Хорошо же, думал я, возвращаясь к себе. Дай займусь же я теперь Долиной по-над Пирлингом, над которой нависло это угрюмое небо, возделаю эту землю и украшу свой дом, чтобы он радовал мне глаз и сердце. Окружу себя вещами, которые мне милы и которым я словно бы тоже буду мил. Останусь здесь навсегда и буду любить людей, живущих в моем доме, и буду любить животных, что верно мне служат, и тех, что вырастут под моей опекой. И тогда те, кто ныне, называя Долину по-над Пирлингом, в сущности, имеют в виду мой дом, а отнюдь не то сборище хижин, что когда-то носило это название, станут еще с большим правом относить его к моему дому.

Колодец, что нынешней весной сложил мне из камня Грунер, уже как-никак готов. Стоит нажать на металлическую рукоять насоса, и в гранитную чашу забьет струя чистейшей воды. Другая сверкающая серебром живая струя оросит мой сад, для чего в лесу строится каменный чан — ведь наша местность так богата родниками. Деревья, брусья, столбы — все отходы недавней стройки — будут убраны, двор вычистят и подметут, и тогда опоясывающая его мощенная плитняком дорожка будет больше бросаться в глаза.

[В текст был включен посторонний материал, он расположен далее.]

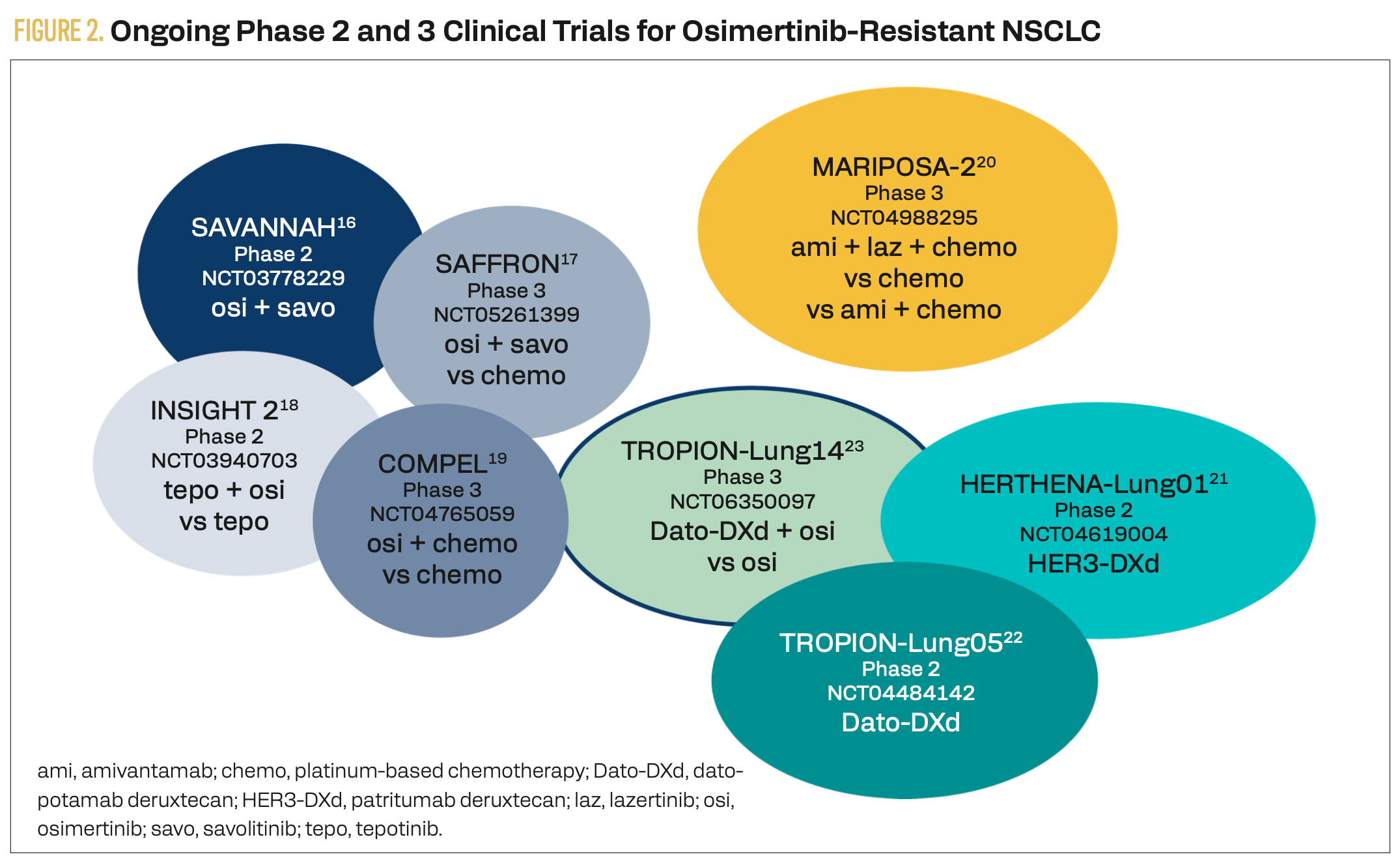 FIGURE 2. Ongoing Phase 2 and 3 Clinical Trials for Osimertinib-Resistant NSCLC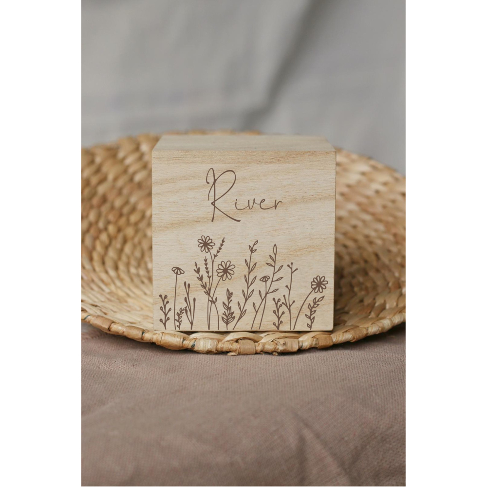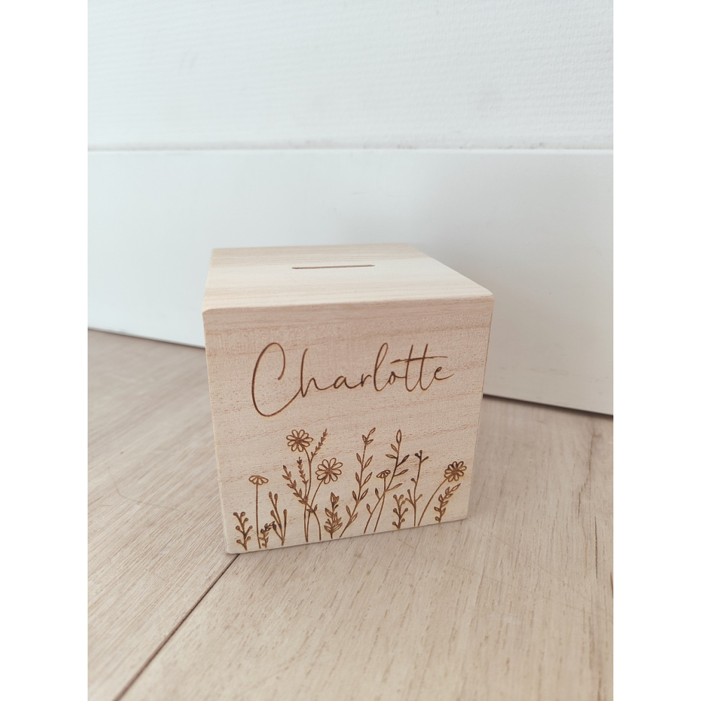 Gepersonaliseerde spaarpot met droogbloemen, een perfect kraamcadeau!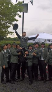 In einem kurzweiligen und unterhaltsamen Schießen unter der Vogelstange sicherte sich schließlich mit dem 109. Schuss der Avantgardist Dr. Benjamin Kaminsiki die Königswürde. An seiner Seite regiert Ann Christin Kuckhoff die Werler Schützen. Die Insignien sicherten sich Tobias Kaufmann (Krone) und Martin Gries (Apfel) von der III.Kompanie, sowie Avantgardist Manuel Siegert (Zepter). Im anschließenden wieder auferlebten Geckschießen holte Fabian Aussel von der II.Kompanie den Geck aus dem Kugelfang.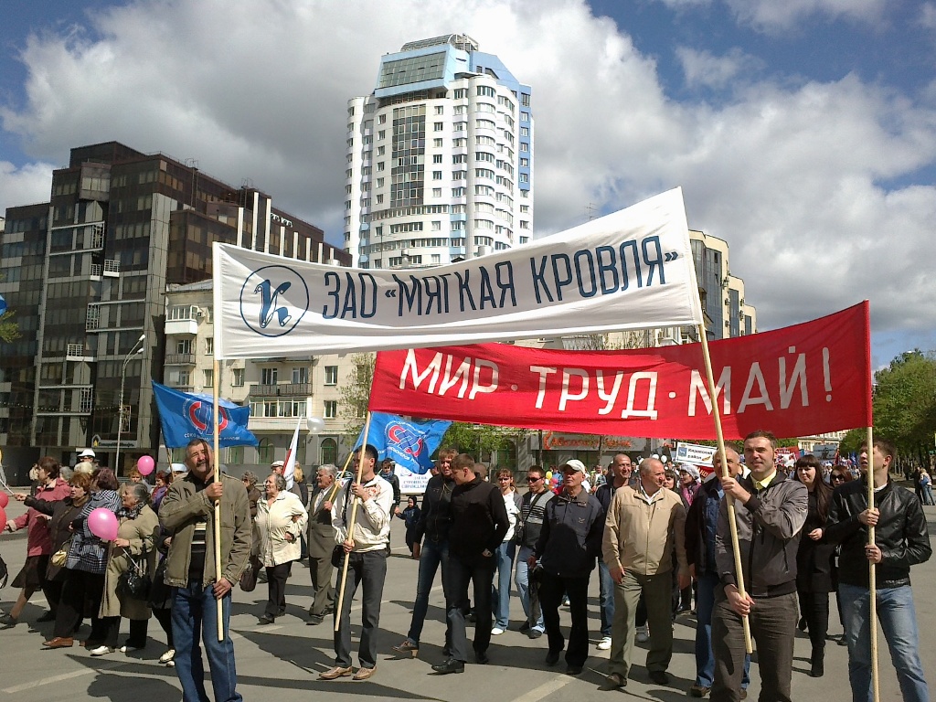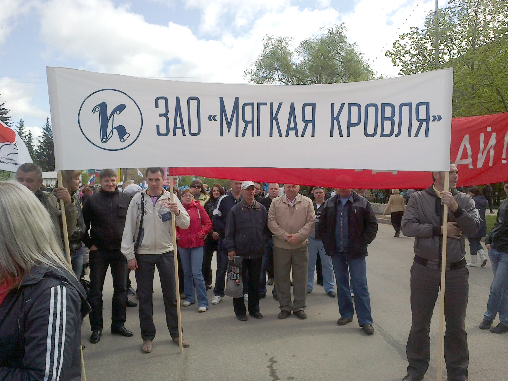 Завод «Мягкая кровля» принял участие на митинге посвященный Первому маю. Праздничное шествие трудящихся с транспарантами прошло от Дворца Спорта ЦСК до площади Куйбышева.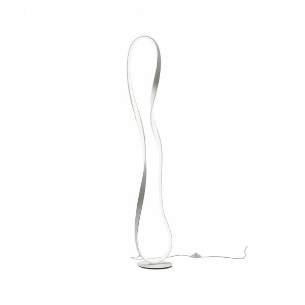 Légies megjelenésű, matt fehérre festett alumínium álló lámpa fehér színű szilikon betétes búrával, beépített LED fényforrással, vezetékre szerelt kapcsolóval. A lámpa fényereje szabályozható.

Опять я, по излишней доброте, как и в случае с полковником, уступил большую часть рабочих трактирщику Бернштейнеру в Пирлинге для подрывных работ в Штейнбюгеле, где он готовит погреб к предстоящему в то лето стрелковому празднику, сам же я, по сути дела, остался без рабочих рук. Но я поищу в других местах свободных рабочих, да и Бернштейнера попрошу вернуть мне тех, без кого он может обойтись.

Я также сдам в работу, не откладывая, резные панели для угловой светелки, выходящей в сад, чтобы сделать ее возможно уютнее и приветливее. Пора уже приступить к изготовлению давно задуманного письменного бюро: наиболее сложные эскизы я закажу резчику и художнику Пиргеру в Праге, чтобы он ими руководился. Давно назрело время заняться окончательной отделкой и украшением внутренних покоев, а также приобрести необходимую мебель.

Такие планы строил я в ту пору и не медля приступил к их выполнению.

Этим же летом приобрел я для Готлиба небольшой земельный участок, с тем чтобы ввести его во владение, когда у него явится в этом нужда. Я решил больше не расставаться с ним и устроить его будущее. Меня трогает благодарность малого и то, как он рвется к работе. Он рад любому поручению и выполняет их с примерным старанием. Его старик отец время от времени нас навещает, он тоже благодарен мне и рад за мальчика. Если у Готлиба окажутся способности и будет охота, я подумываю о том, чтобы дать ему образование и сделать его своим преемником.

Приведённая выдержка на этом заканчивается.